Support Shifted to Exception
Support moved from routine involvement to handling edge cases only.
From Listing Tool to Executable System
Jobs became structured units that could progress into execution.
Pricing could not be generated reliably from the listing itself
Freight forwarders could submit quotes through the platform, but doing so often required off-platform clarification before a price could be given with confidence. Listings did not consistently contain the level of detail required to assess a movement, leaving forwarders to interpret missing or ambiguous information.

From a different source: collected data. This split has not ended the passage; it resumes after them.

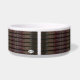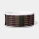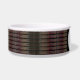 Dog food bowl made of white ceramic has an interesting black pattern as a background for your dogs name. HAMbyWhiteGlove.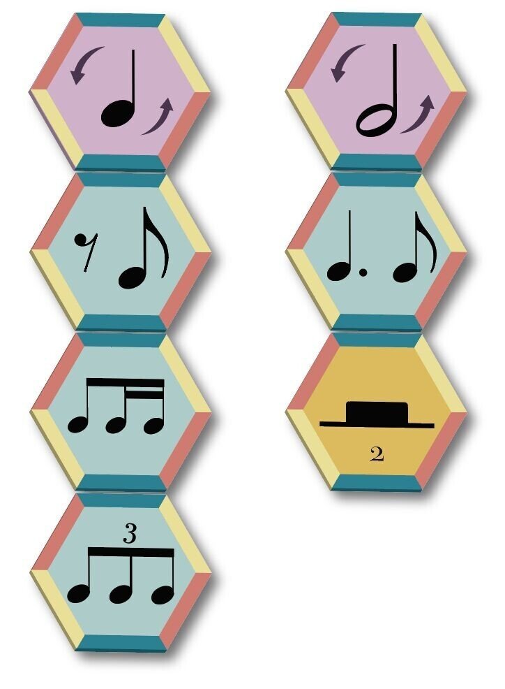54 fichas con ritmos, líneas divisorias y tipos de compás para que podáis crear todas las combinaciones que imaginéis.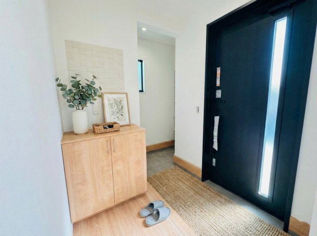 【玄関】明るくシューズボックス付の玄関。タイルはお掃除しやすく清潔を保てます。※画像はイメージです。 調湿性に優れたエコカラットは玄関のアクセントにもなります。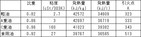 廃食用油をディーゼルエンジンの燃料として用いる為の基礎物性を調査した。天麩羅油はCnH2n-1−COOH,CnH2n-3−COOH、n=17を多く含む植物油脂で物性を表-1に示す。発熱量としては軽油、重油等の燃料に比べて単位重量あたりでは3〜6%少ないが比重が大きいため単位体積あたりでは軽油に対し5%多く、A重油とほぼ同等、C重油に対しては8%少ない。即ち、軽油、重油等と同一出力を出す場合の体積燃料流量はほぼ同量であるので燃料タンクの容量を変える必要が無い事がわかる。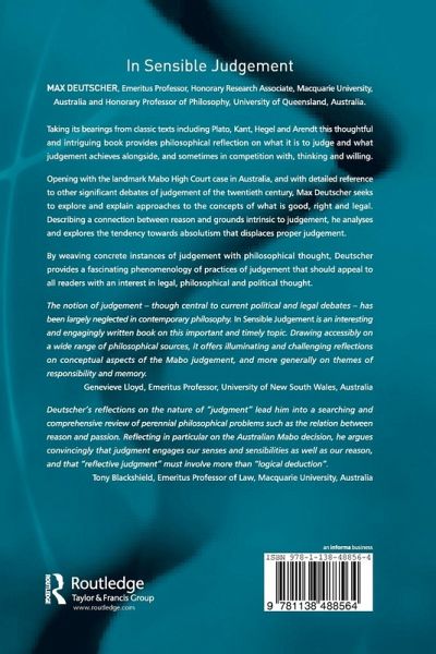Opening with the landmark Mabo High Court case in Australia and with detailed reference to other significant debates of judgement of the twentieth century Max Deutscher seeks to explore and explain approaches to the concepts of what is good, right and legal. Describing a connection between reason and grounds intrinsic to judgement he analyses and explores the tendency towards absolutism that displaces proper judgement.

As a result, pricing depended on individual assumptions rather than a shared definition of the job. This introduced variability, delayed responses, and rework when key details were clarified too late.
Where the Marketplace Broke DownReplace slow, email-based quoting with a faster, self-serve marketplace
- → Importers list clearly defined shipments
- → Forwarders submit quotes directly in-platform
- → Pricing is generated without additional coordination
Pricing depended on off-platform clarification
Redefining a live system without disrupting active usage
I joined Deliver My Container shortly after public launch, with importers and freight forwarders already actively listing and quoting jobs in production.
Live Marketplace
The core marketplace flow was already live. Any changes to how jobs were defined needed to be introduced without disrupting active users or in-progress transactions.
Limited System Definition
The platform had been developed externally prior to launch, with limited internal documentation and no clearly defined data model. How jobs were structured and progressed was underdefined, despite being in active use.
No Opportunity for Reset
The system could not be paused or rebuilt in isolation. Updates needed to be introduced incrementally, requiring coordination to evolve the underlying model without destabilising the live system.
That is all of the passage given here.